• [Task goal]: Everything in the records below from the line containing "2月11日,贵州省人民政府副" through the line containing "To make adjustments" is to be reproduced exactly, those two lines included; no picture is to be copied.

• [Data]:
===============
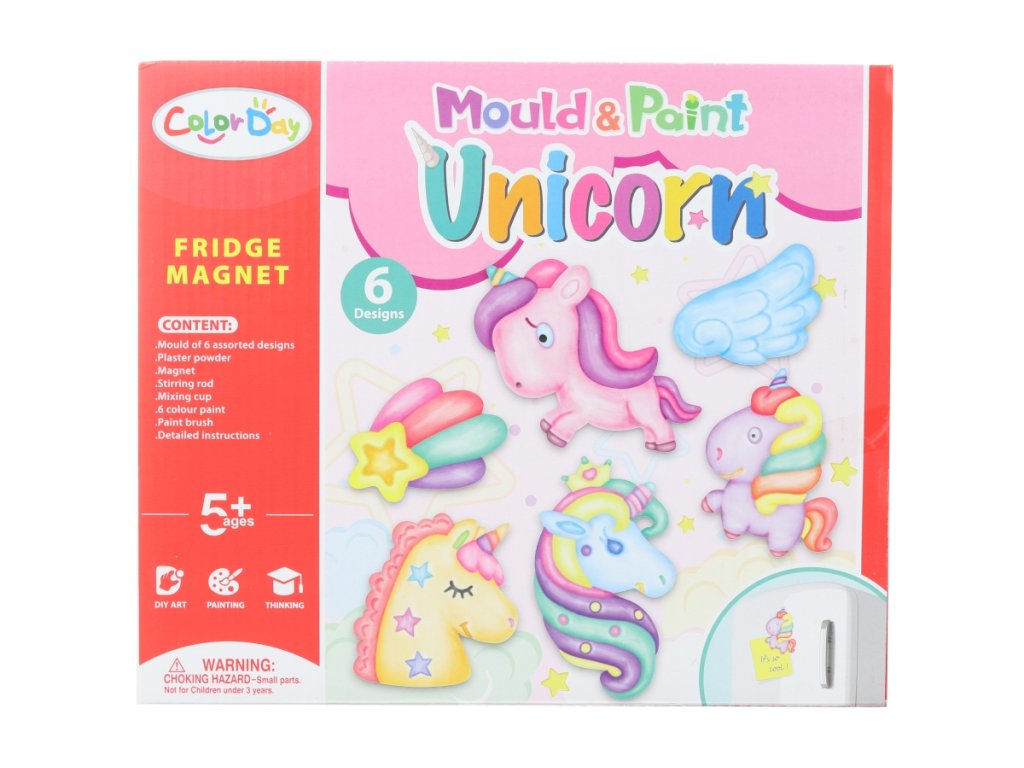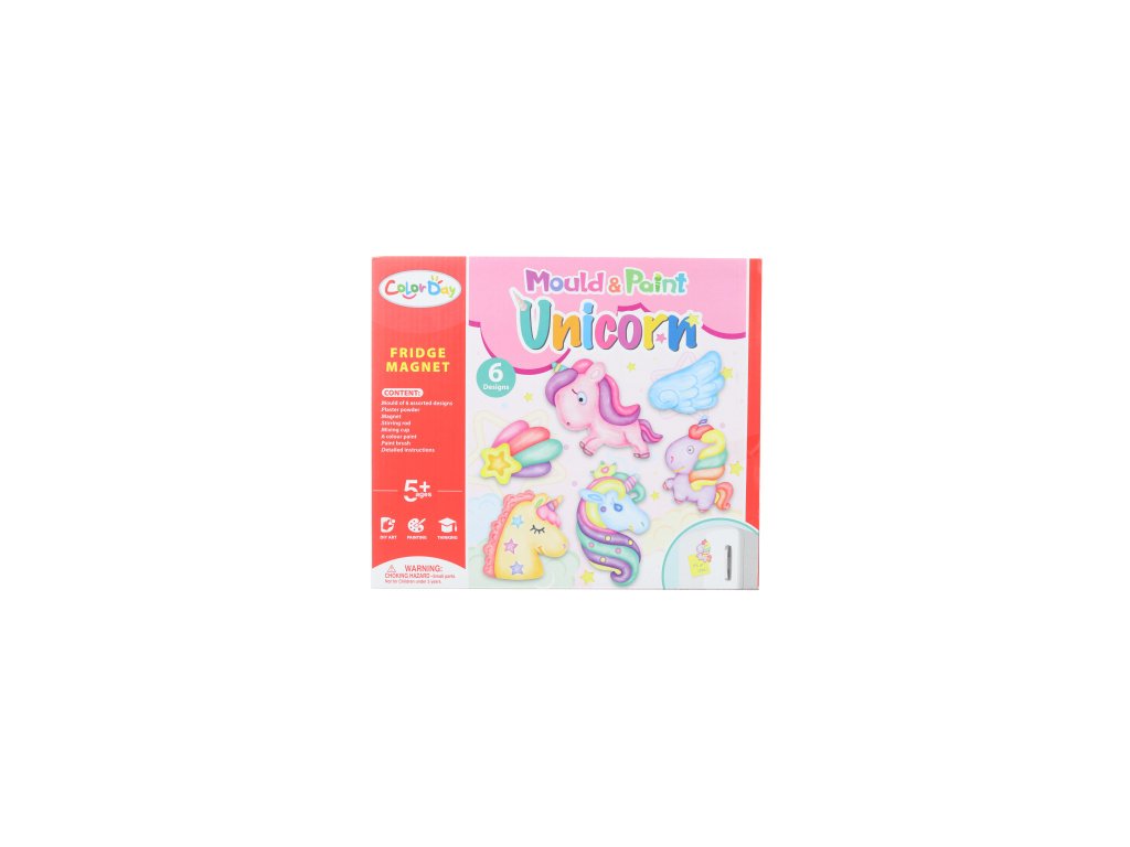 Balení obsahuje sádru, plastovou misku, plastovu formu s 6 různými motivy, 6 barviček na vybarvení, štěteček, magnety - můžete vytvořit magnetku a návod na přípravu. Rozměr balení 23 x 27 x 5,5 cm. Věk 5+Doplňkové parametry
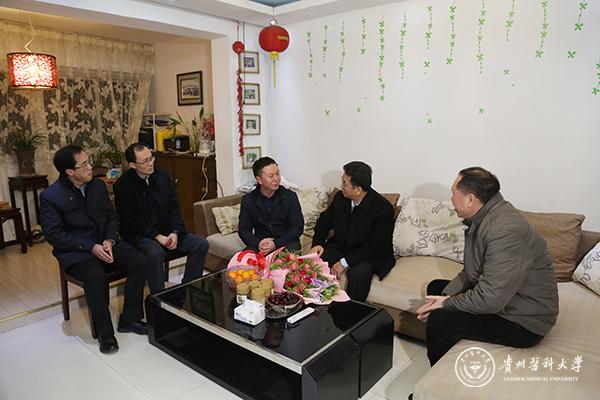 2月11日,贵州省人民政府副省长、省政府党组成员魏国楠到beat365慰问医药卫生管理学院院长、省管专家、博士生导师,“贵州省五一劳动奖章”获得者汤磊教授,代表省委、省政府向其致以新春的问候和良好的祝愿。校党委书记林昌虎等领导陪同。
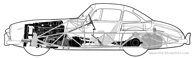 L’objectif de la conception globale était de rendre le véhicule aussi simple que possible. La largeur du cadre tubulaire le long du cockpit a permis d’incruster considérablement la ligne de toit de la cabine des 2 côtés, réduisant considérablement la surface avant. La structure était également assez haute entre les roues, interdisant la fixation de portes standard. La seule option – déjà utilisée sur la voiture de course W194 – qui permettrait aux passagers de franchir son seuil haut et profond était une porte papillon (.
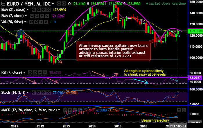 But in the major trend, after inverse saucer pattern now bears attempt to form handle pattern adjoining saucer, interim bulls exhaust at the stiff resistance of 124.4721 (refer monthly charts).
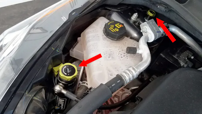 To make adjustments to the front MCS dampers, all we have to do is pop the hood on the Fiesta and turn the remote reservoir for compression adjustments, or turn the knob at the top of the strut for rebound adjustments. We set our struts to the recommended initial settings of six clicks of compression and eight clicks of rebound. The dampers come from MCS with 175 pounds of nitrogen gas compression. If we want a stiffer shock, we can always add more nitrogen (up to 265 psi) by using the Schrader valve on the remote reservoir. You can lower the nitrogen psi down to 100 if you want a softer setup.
===============
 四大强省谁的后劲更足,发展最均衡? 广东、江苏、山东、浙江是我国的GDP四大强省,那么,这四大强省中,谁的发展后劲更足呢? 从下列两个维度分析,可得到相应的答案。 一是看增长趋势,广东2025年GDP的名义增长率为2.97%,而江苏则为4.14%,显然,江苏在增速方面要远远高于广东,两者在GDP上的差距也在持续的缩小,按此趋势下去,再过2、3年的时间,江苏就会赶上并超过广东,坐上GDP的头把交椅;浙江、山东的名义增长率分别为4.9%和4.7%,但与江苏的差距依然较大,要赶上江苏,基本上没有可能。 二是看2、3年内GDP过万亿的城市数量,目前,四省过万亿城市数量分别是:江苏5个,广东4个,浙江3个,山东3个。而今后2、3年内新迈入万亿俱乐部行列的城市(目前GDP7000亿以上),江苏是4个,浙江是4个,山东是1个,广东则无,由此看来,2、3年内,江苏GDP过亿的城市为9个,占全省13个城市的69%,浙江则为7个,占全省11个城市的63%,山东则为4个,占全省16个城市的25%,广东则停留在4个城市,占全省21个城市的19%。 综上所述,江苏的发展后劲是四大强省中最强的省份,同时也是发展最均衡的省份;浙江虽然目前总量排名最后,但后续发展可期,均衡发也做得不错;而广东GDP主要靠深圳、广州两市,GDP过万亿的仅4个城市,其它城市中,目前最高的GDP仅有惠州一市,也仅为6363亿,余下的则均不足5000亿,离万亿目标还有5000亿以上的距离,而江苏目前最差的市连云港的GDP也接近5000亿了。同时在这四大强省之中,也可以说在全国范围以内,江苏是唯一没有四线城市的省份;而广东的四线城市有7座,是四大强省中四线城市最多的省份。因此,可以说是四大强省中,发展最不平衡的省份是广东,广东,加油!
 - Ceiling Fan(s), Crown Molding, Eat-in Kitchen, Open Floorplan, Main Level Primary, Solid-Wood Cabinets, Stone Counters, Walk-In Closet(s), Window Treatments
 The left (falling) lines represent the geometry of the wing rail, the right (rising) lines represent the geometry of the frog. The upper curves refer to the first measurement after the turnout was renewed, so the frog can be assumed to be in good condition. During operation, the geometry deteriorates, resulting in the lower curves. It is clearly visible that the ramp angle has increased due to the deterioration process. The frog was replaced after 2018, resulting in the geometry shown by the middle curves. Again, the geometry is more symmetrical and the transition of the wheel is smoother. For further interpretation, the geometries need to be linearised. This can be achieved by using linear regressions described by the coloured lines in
===============
• [Problem solution]:
 2月11日,贵州省人民政府副省长、省政府党组成员魏国楠到beat365慰问医药卫生管理学院院长、省管专家、博士生导师,“贵州省五一劳动奖章”获得者汤磊教授,代表省委、省政府向其致以新春的问候和良好的祝愿。校党委书记林昌虎等领导陪同。
 L’objectif de la conception globale était de rendre le véhicule aussi simple que possible. La largeur du cadre tubulaire le long du cockpit a permis d’incruster considérablement la ligne de toit de la cabine des 2 côtés, réduisant considérablement la surface avant. La structure était également assez haute entre les roues, interdisant la fixation de portes standard. La seule option – déjà utilisée sur la voiture de course W194 – qui permettrait aux passagers de franchir son seuil haut et profond était une porte papillon (.
 But in the major trend, after inverse saucer pattern now bears attempt to form handle pattern adjoining saucer, interim bulls exhaust at the stiff resistance of 124.4721 (refer monthly charts).
 To make adjustments to the front MCS dampers, all we have to do is pop the hood on the Fiesta and turn the remote reservoir for compression adjustments, or turn the knob at the top of the strut for rebound adjustments. We set our struts to the recommended initial settings of six clicks of compression and eight clicks of rebound. The dampers come from MCS with 175 pounds of nitrogen gas compression. If we want a stiffer shock, we can always add more nitrogen (up to 265 psi) by using the Schrader valve on the remote reservoir. You can lower the nitrogen psi down to 100 if you want a softer setup.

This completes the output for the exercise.